Nina cringed as their quarry barely avoided a head-on collision with a car coming the other way. ‘Oh my God! He’s going to kill someone!’

‘Hopefully just himself,’ Eddie replied, but he knew that if the chase continued, casualties would become increasingly likely. They were already approaching the Brooklyn Bridge, the knot of flyovers connecting the great span to both the FDR and Manhattan’s street grid coming up fast. ‘If he’s turning, he’ll have to do it soon—’
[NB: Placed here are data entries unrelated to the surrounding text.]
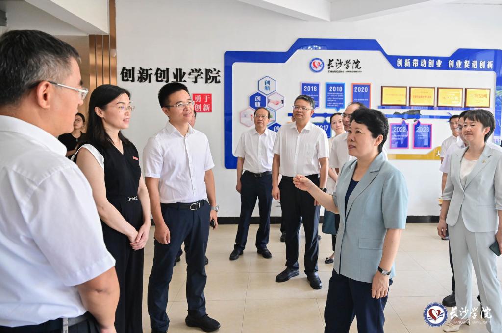 吴桂英考察了长沙学院大学生创新创业孵化基地,要求聚焦青年创业需求、搭好服务平台、彰显学科特色,充分发挥扶持创业、带动就业等方面的积极作用,为更多大学生和青年人才创新创业铺路搭台。
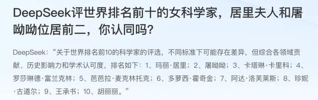 沒吳健雄就別搞排名,DeepSeek列出世界十大女性科學家,我有話説_風聞
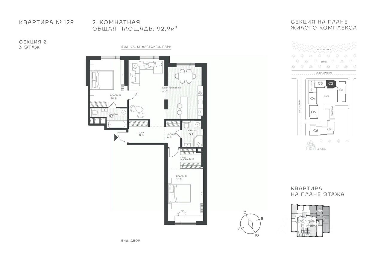 Успейте стать частью уникального проекта премиум-класса на западе Москвы! В продаже квартиры: 1-комнатные от 28,1 м²; 2-комнатные от 61,2 м²; 3-комнатные от 86,6 м²; 4-комнатные от 110,7 м². Первый взнос от 30%! Рассрочка на 2 года без переплат! Крылатское 33 это премиальный жилой комплекс от специализированного застройщика ООО "Сияние". Самый высокий небоскрёб в районе, достигающий отметки в 150 метров и малоэтажный клубный формат высотой от 42 метров на приватной территории площадью 1,4 га. Великолепные виды на излучину Москва-реки, Живописный мост и урбанистический облик города. Эксклюзивные форматы квартир с панорамным остеклением и патио-террасами. Двухуровневый паркинг на 271м/м, премиальные входные группы, ресторан высокой кухни, детский сад и эко-маркет на территории комплекса. Эксклюзивные преимущества: доступ к wellness-центру, коворкингу и клубной гостиной только для резидентов. Над проектом работали именитые российские архитектурные бюро: архитектор проекта бюро "Остоженка", планировочные решения от бюро Александры Федоровой. Расположение Пешком: 5-7 минут - до парка Звезд, Крылатского парка и набережной Москвы-реки; 15 минут - до метро Крылатское Арбатско-Покровской линии; 15 минут - до пристани Крылатская. На автомобиле: 10 минут - до Третьего транспортного кольца; 15 минут - до Садового кольца и Москва- Сити; 20-30 минут - до Аэропорта Внуково; 30-40 минут - до Аэропорта Шереметьево. В 300 метрах от комплекса - удобная транспортная развязка с проспектом Маршала Жукова, обеспечивающая легкий доступ к ключевым магистралям. Благоустройство: Просторная общественная гостиная; Коворкинг с кофе-баром, комфортные переговорные зоны с быстрым wi-fi, зарядными устройствами и библиотекой; Пространство friends lab для организации клубных мероприятий; Wellness-центр с фитнес-залом и массажными кабинетами; Ресторан высокой кухни; Частный детский сад; Детское кафе; Современный детский playhub; Спортивные площадки; Гипоаллергенный сад, безопасные водные пространства, декоративные пруды и сухие фонтаны; Высокоскоростные бесшумные лифты; Разделение зон для резидентов квартала и сервисного обслуживания. Окружение: - парки: Крылатские холмы, природно-исторический парк Москворецкий, Серебряный Бор; - учебные заведения: 5 образовательных комплексов, в которые входят 15 детских садов и 12 школьных корпусов. В удобной транспортной доступности гимназия им. Е. М. Примакова и международный лицей The International School of Moscow; - уникальные спортивные сооружения: гребной канал "Крылатское", легендарный велотрек "Крылатское", "Лата Трэк" для горнолыжников и сноубордистов, ледовый дворец "Крылатское"; - единственный в Москве парк развлечений под открытым небом, включающий более 70 вариантов досуга для любого возраста и времени года. Срок сдачи проекта: 2 квартал 2027 года. Финансирование и эскроу-счет обеспечены банком МКБ.
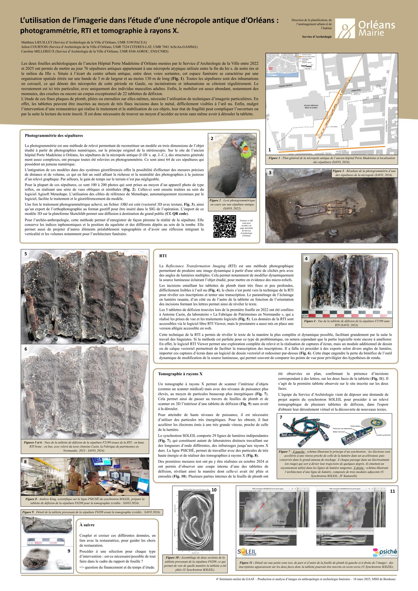 Dans le cadre du 4ème séminaire-atelier du GAAF (Groupe d'anthropologie et d'archéologie funéraire) portant sur la production et l'analyse d'images en anthropologie et archéologie funéraire (18 - 19 mars, Bordeaux), J. Courtois et M. Loeuillet du Service d'archéologie présentent un poster.
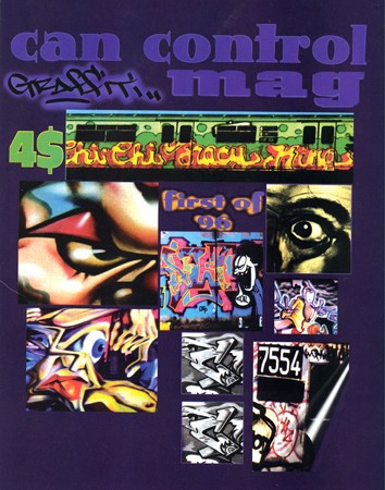 .After one year under our working title of Ghetto Art I branched out alone and changed the name of the ZINE to Can Control! I increased the page count, increased the photo count and started the worlds first mutii page interviews with Graffiti Writers. I also went to color making Can Control the worlds first Graffiti MAG in color.

He didn’t. The Taurus continued straight on, its driver either unsure how to reach the freeway or unwilling to slow to make a turn. But its frantic slalom had already reduced its speed to a point where even the delivery truck was gaining. ‘If he’s not taking the bridge or the FDR,’ Eddie asked, ‘where can he get to from here?’

His wife was already checking her mental map of her home city. ‘If he turns right off this road, he’ll be heading into Downtown, and he sure as hell won’t get anywhere fast around Wall Street. If he keeps going, he’ll loop around to the Battery Park tunnel, but he won’t get far there either. The cops will be able to cut him off.’

‘We’ve got him, then!’ The gap kept closing as they raced under the bridge and continued towards Manhattan’s southern tip, whipping past the parked ice-cream trucks marking the entrance to the South Street Seaport.

‘He’s still got Natalia, though,’ Nina reminded him.

‘He can’t do anything to her as long as he’s driving. If she keeps her head down and I can force him to stop—’

He broke off with a stifled obscenity as the Taurus clipped the back quarter of another car. Kroll had misjudged the overtake, sending the police car slewing wide into the oncoming lane and knocking the recipient of the fender-bender into a spin.

Eddie braked hard to avoid the imminent collision. Nina’s seat belt caught her as she was thrown forward. He veered sharply to follow the stolen vehicle around the now-stationary car, missing it by inches. ‘Jesus!’ he gasped, straightening out. ‘That was too bloody close.’

Nina pushed herself back into her seat — to see Kroll making another hard turn, but in an unexpected direction. He swung left, throwing the Taurus over a kerb with a shower of sparks from the car’s underside. It barely missed one of the FDR’s supports as the Nazi angled across a pedestrianised zone underneath the expressway, skidding on to the East River Bikeway along the edge of the waterfront.